Stichting Pensioenfonds ABP, Heerlen, Netherlands, will increase its exposure to inflation-linked assets, including inflation-linked bonds, commodities, infrastructure and real estate, as part of a new strategic investment policy for the €208 billion ($294 billion) fund.
The 2010-2012 strategic allocation, included in the fund's financial update today, also raised exposure to emerging market equities to 7% of total assets from 5%, while reducing developed markets equities to 20% from 24%.
Inflation-linked bonds will account for 12% of assets, up from 9%. One percentage point each was added to real estate, bringing it to 9%; global tactical asset allocation, to 3%; infrastructure to 2%; and commodities, to 1%.
“Inflation is expected to remain moderate as a result of ample production capacity and increased unemployment, although it is expected to increase somewhat as a result of the increased energy prices,” according to a news release.
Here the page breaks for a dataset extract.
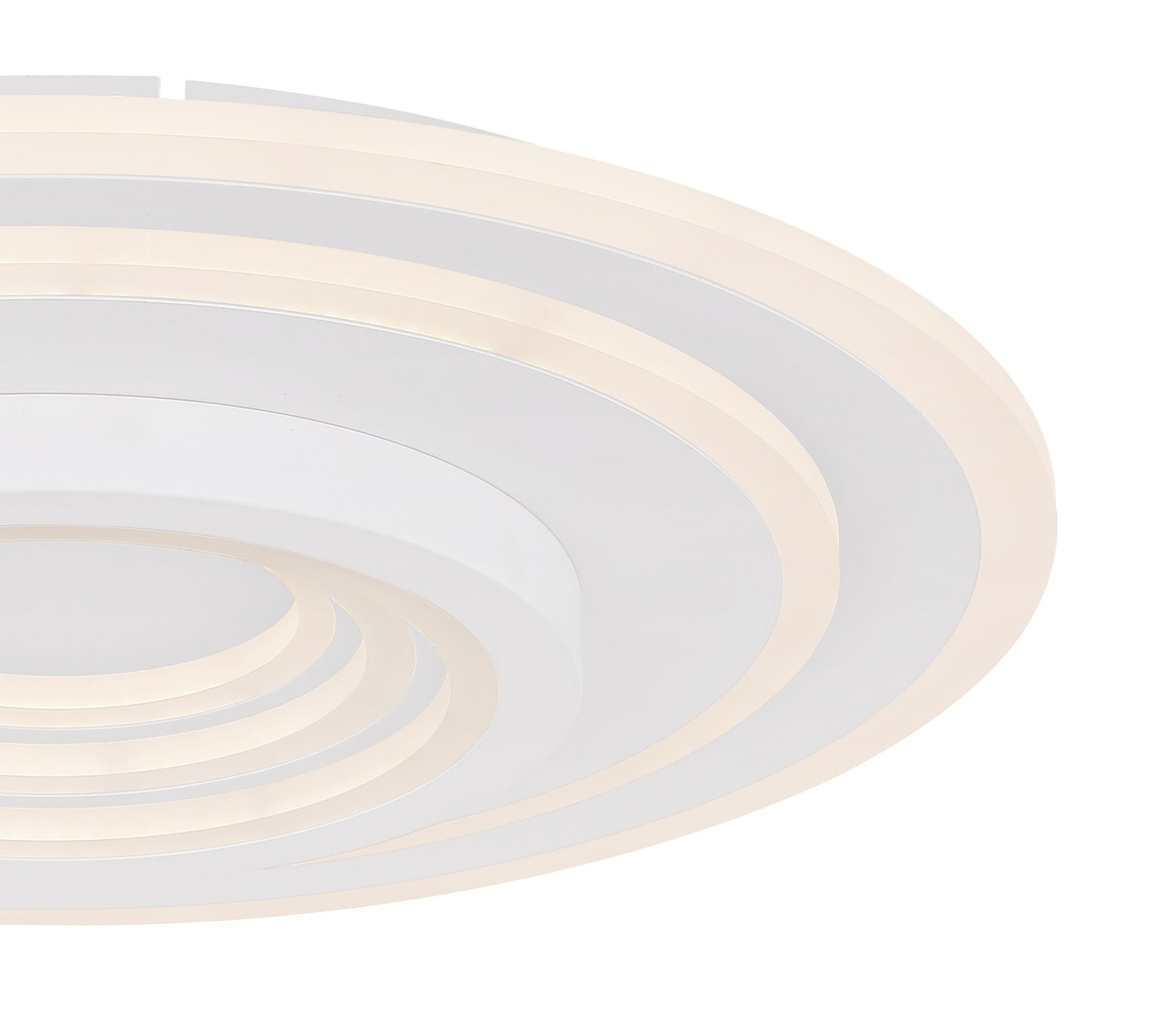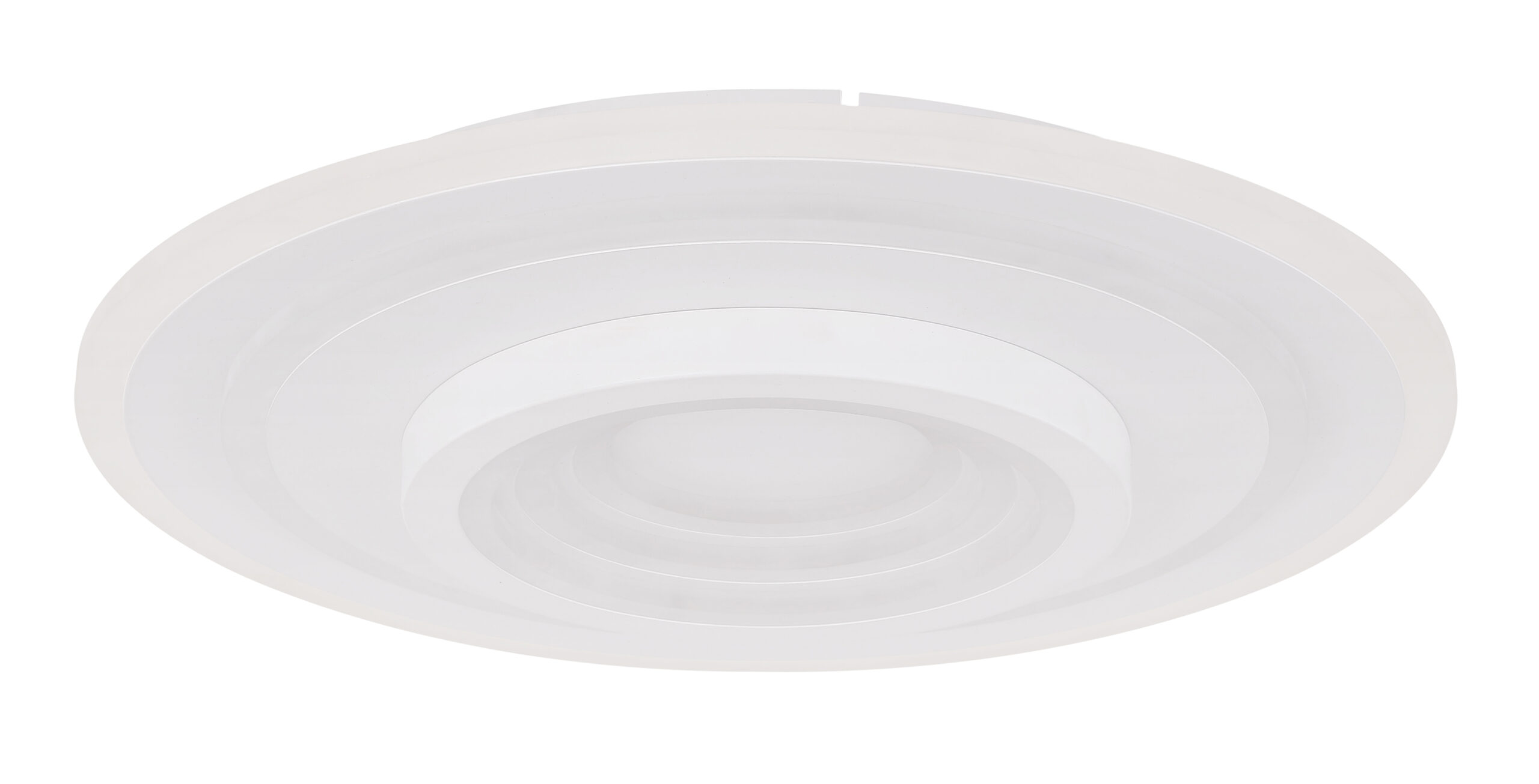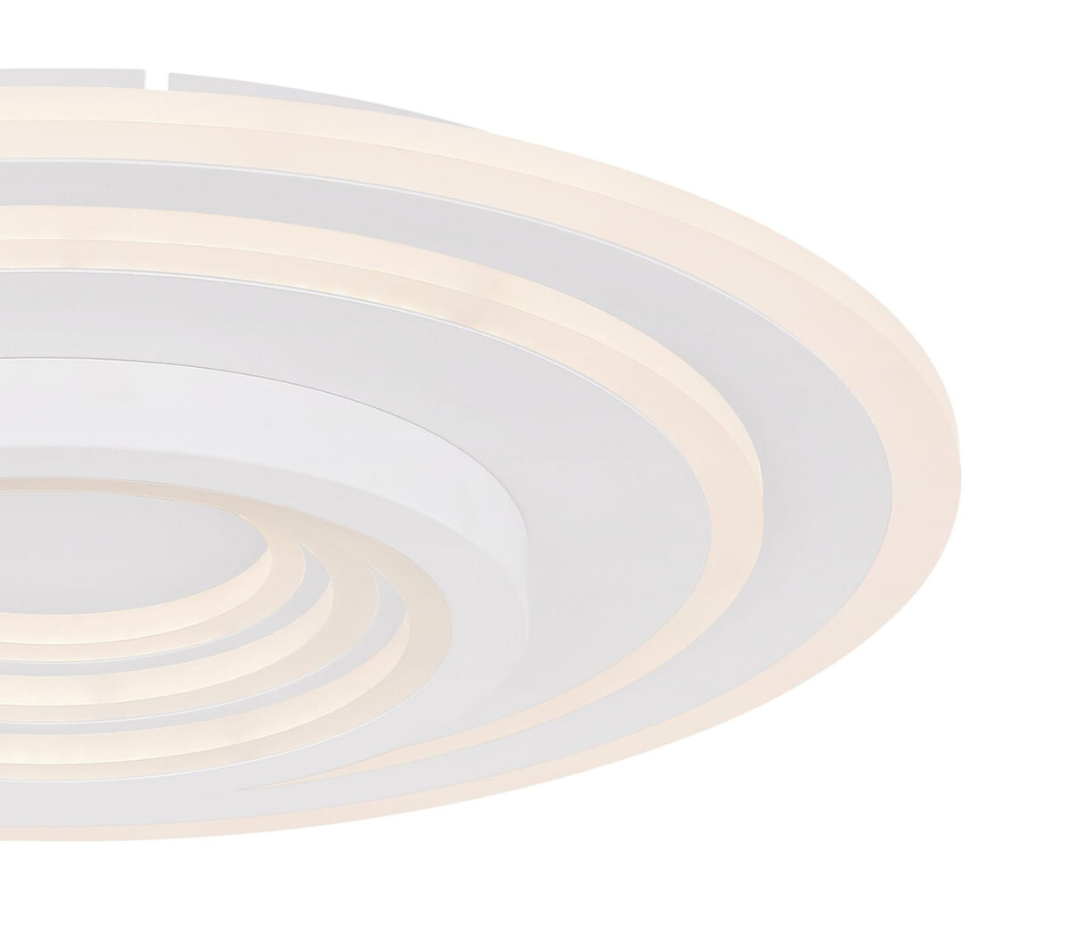 Moderna plafonska lampa BAFUR Ø 49,5 cm) izrađena je od bijelog metala i akrilnog stakla. Ovim unutrašnjim svjetlom koje se može prigušiti može se upravljati daljinskim upravljačem. Svjetlosni prstenovi različite veličine ove lampe sijaju u različitim svjetlosnim bojama. Ova elegantna plafonska lampa sa integrisanom LED sijalicom od 50 W pruža maksimalno 2190 lumena jakog svetla. Boja svjetla može se regulirati i fiksirati od prijatne toplo-bijele 3000 Kelvina do hladno bijele 6000 Kelvina. Ova lampa pogodna za spavaću, dječju, dnevnu i blagovaonicu ima memorijsku funkciju.

The largest decrease in the new strategic allocation will be in corporate bonds, which will be reduced to 16% from 21% of the entire portfolio. The asset class was the best-performing fixed-income asset in 2009, returning 16% for the year and helping to boost total fixed-income returns to 12.7% compared to 0.4% the previous year.
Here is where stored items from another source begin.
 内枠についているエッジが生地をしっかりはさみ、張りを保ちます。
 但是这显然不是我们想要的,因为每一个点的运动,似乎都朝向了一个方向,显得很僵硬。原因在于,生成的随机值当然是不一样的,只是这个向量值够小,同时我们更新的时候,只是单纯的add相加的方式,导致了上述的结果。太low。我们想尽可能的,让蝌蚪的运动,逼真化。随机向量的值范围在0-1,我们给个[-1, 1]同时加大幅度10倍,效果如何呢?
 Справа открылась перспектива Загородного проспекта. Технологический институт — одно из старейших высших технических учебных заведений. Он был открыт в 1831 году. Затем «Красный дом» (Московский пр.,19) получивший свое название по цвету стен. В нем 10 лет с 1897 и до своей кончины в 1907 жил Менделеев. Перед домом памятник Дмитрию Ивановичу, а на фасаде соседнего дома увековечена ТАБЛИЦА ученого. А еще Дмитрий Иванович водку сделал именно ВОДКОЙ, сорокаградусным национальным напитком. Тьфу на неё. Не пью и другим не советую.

Overall, the fund returned 20.2% for the year ended Dec. 31, compared to -20.2% for 2008. As a result, ABP's funding ratio rose to 104% from 98% last year. The increase included a one-time adjustment for longer life expectancy, which added €11 billion to the fund's liabilities.
Equities outperformed all other asset classes, gaining 35.5% in 2009 compared to -39.4% the previous year, according to the financial update. Commodities returned 23.2% compared to -46.2% in 2008. Infrastructure was the only asset class that recorded a negative return in 2009, with -4.8%, compared to a loss of 3.1% in 2008.